2018年04月20日 1523号

【働かせ方大改悪*@案閣議決定糾弾 うそ、ねつ造で過労死合法化 安倍政権もろとも葬り去ろう】

 安倍政権は4月6日、過労死水準の合法化を狙う残業時間「上限規制」、残業代ゼロ・働かせ放題の高度プロフェッショナル制度(高プロ制)、正規・非正規差別の温存助長などを一括で盛り込んだ「働き方改革」関連法案を閣議決定し、国会提出を強行した。決定を断固糾弾する。

 厚生労働省調査データで千件近くのねつ造やデタラメが明らかになり、裁量労働制拡大は一括法案から削除された。労働者の置かれた実態までねつ造する安倍や厚労省にそもそも法案の作成資格はないのである。

労働者総奴隷化だ

 法案は、どれも労働者にとって毒としか言えない。「働き方改革」ならぬ働かせ方大改悪で、労働者総奴隷化*@案の名こそふさわしい。

 法案は、時間外労働に「上限規制」を設け、最大でも年間720時間以内、月100時間未満などとすると言うが、真っ赤な嘘だ。労働基準法36条に基づく労使合意が必要な36(サブロク)協定上の労働時間には、法定休日労働が含まれないため、実質は毎月80時間、年間960時間の残業まで可能とされる。

 月100時間、2〜6か月平均80時間は現在の過労死認定基準だが、裁判では月63時間でも過労死認定された事例(ノキア過労死認定事件2011年大阪地裁判決)もある。法案で「上限」が制定されると基準の運用が厳格化され、認定が困難になりかねない。

 高プロ制が適用された労働者には、労基法の定める、労働時間、休憩、休日及び深夜の割増賃金に関する規定が一切適用されない。「高度専門業務」の内容も厚生労働省令で定めるとし、「成果型労働」と言いながら賃金制度の条文など1行も無い。残業代ゼロ、1年365日働かせ放題、まさに奴隷化法案だ。

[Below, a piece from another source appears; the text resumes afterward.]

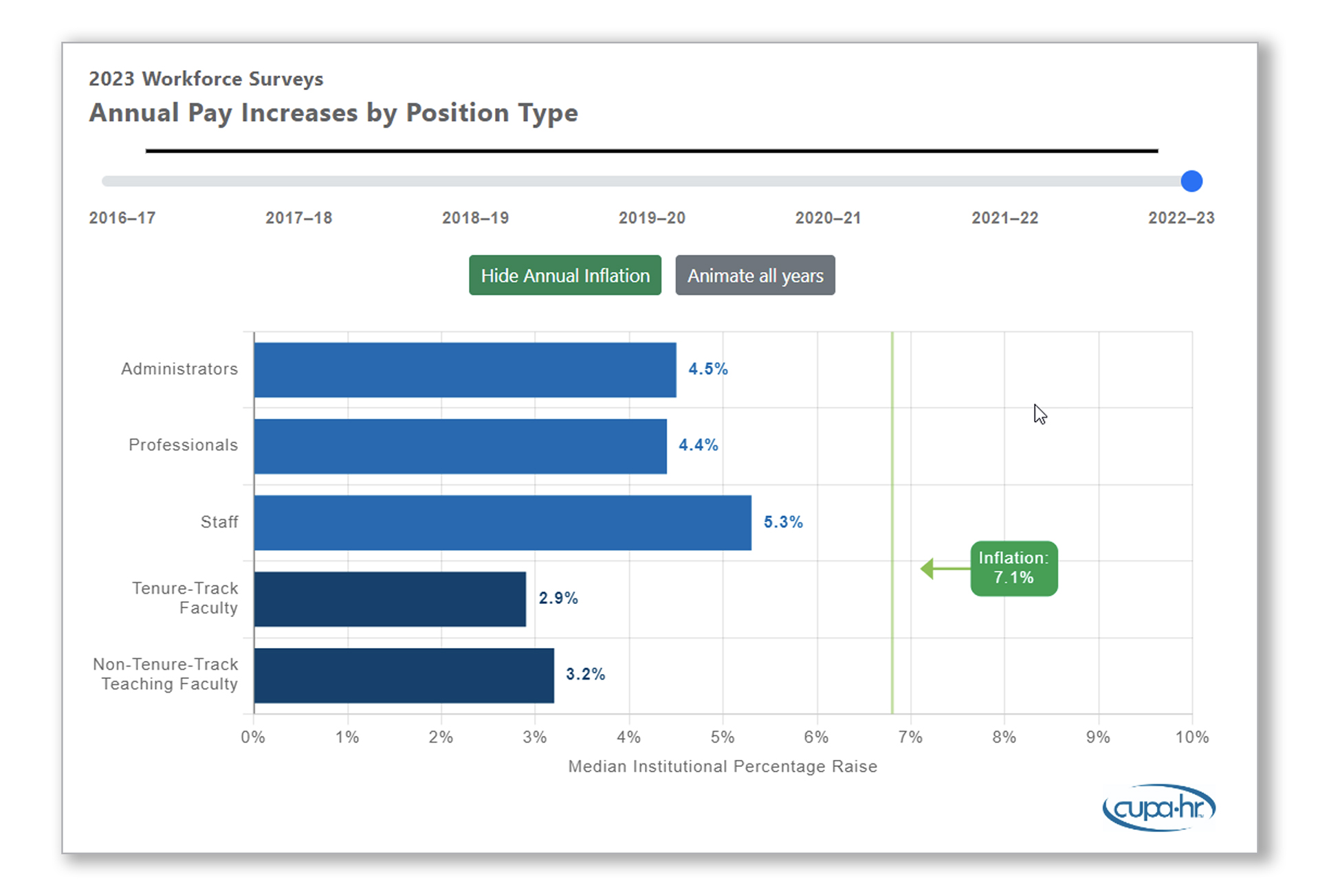One report looked at Workforce Pay Increases. The following is excerpted from CUPA-HR, and the full report can be found at https://www.cupahr.org/surveys/workforce-data/workforce-pay-increases/.

 米国のホワイトカラーエグゼンプション(労働時間規制の適用除外)では、年収要件は260万円まで下げられた。今は標準労働者の3倍程度、年収1075万円以上の金融ディーラーや研究開発職など専門職対象というが、経団連は要件を400万円以上とすることを要望している。塩崎前厚労相も、経団連を前に「小さく生んで大きく育てる」と公言した。

 正社員と非正規労働者の「不合理な待遇の差を禁止する」もまったくのペテンだ。法案要綱は、派遣労働者の場合、派遣先の通常の労働者(正社員)で「業務の内容、当該業務に伴う責任の程度、当該職務の内容及び配置の変更の範囲」が同じ労働者と待遇を比較するとする。派遣社員と正社員がこのように同一となることなどそもそもありえない。正規・非正規の「同一待遇」とは、高く見積もっても、期限の定めは無いが職務や勤務地が限定され低賃金の「限定正社員」との同一にすぎず、結局、待遇は改善されない。差別の合法化、総非正規化推進が安倍の狙いだ。

過労死防止の規制こそ

 全国過労死を考える家族の会は「どんな職種でも、時間管理をなくしてはいけない。労働者に代わりはいても、家族に代わりはいないのだから」と、制度に強く反対する。高プロ制に該当する労働者の枠組みが今後拡大され、時間規制がない労働者が増えていくのではないか、という当然の懸念を過労死遺族は敏感に察知しているのだ。

 2013年に過労死したNHK記者、佐戸未和さんの母恵美子さんは、法案の閣議決定を聞いて「高プロ制で企業が労働時間の管理を免れることによって、労災認定が難しくなってしまう。企業の都合の良い『働かせ方改革』になっているのではないか」と憤った。両親が調べたところ、未和さんの時間外労働は亡くなる直前1か月では209時間に達していた。父親の守さんは「労働時間がきちんと管理されなければ、過労死につながる。過労死防止に直結する規制強化を先行して議論すべき」と訴える。

 共同通信社世論調査では、「働き方」関連法案について「今の国会で成立させる必要はない」との回答が69・1%に上る。世論もノーだ。

 「労働者総奴隷化」法案はただちに廃案にし、安倍政権もろとも葬り去ろう。